Two cyclists start biking from a trail's start 3 hours apart. The second cyclist travels at 10 miles per hour and starts 3 hours after the first cyclist who is traveling at 6 miles per hour. How much time will pass before the second cyclist catches up with the first from the time
the second cyclist started biking?
( This question is very hard, please help me, please help with the working. thanks )
OR
let the time taken from when the second rider leaves till they meet be t hours
10t = 6t + 18 , (their distances are the same)
4t = 18
t = 4.5
When the second cyclist starts, they are 18 miles apart. (3 hours times the speed of the first biker).
After that, the distance between the bikers shrinks at a rate of 10 - 6 = 4 miles/hr.
The distance between bikers becomes zero after 18/4 = 4.5 hours. That is when the late-starting biker [passes the other.
thanks a lot !!
To solve this problem, we can use the formula:
Time = Distance / Speed
Let's assume that the time passed when the second cyclist catches up with the first cyclist is represented by "t" (in hours).
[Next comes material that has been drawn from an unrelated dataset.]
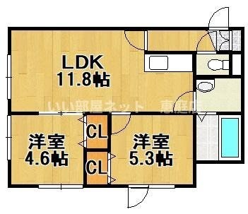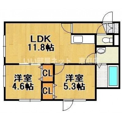 2LDK(48.62m²)└ LDK11.8帖 洋室5.3帖 洋室4.6帖

By the time the second cyclist starts biking, the first cyclist has already been biking for 3 hours. Therefore, the first cyclist has already covered a distance of:
Distance1 = Speed1 * Time1
= 6 * 3
= 18 miles
Now, we need to find the time it takes for the second cyclist to cover the same distance as the first cyclist.
Distance2 = Speed2 * Time2
Distance2 = 10 * t
We know that Distance1 = Distance2, so we can equate the two equations:
18 = 10 * t
To solve for t, we can divide both sides by 10:
t = 18 / 10
t = 1.8 hours
Therefore, it will take approximately 1.8 hours (or 1 hour and 48 minutes) for the second cyclist to catch up with the first cyclist from the time when the second cyclist started biking.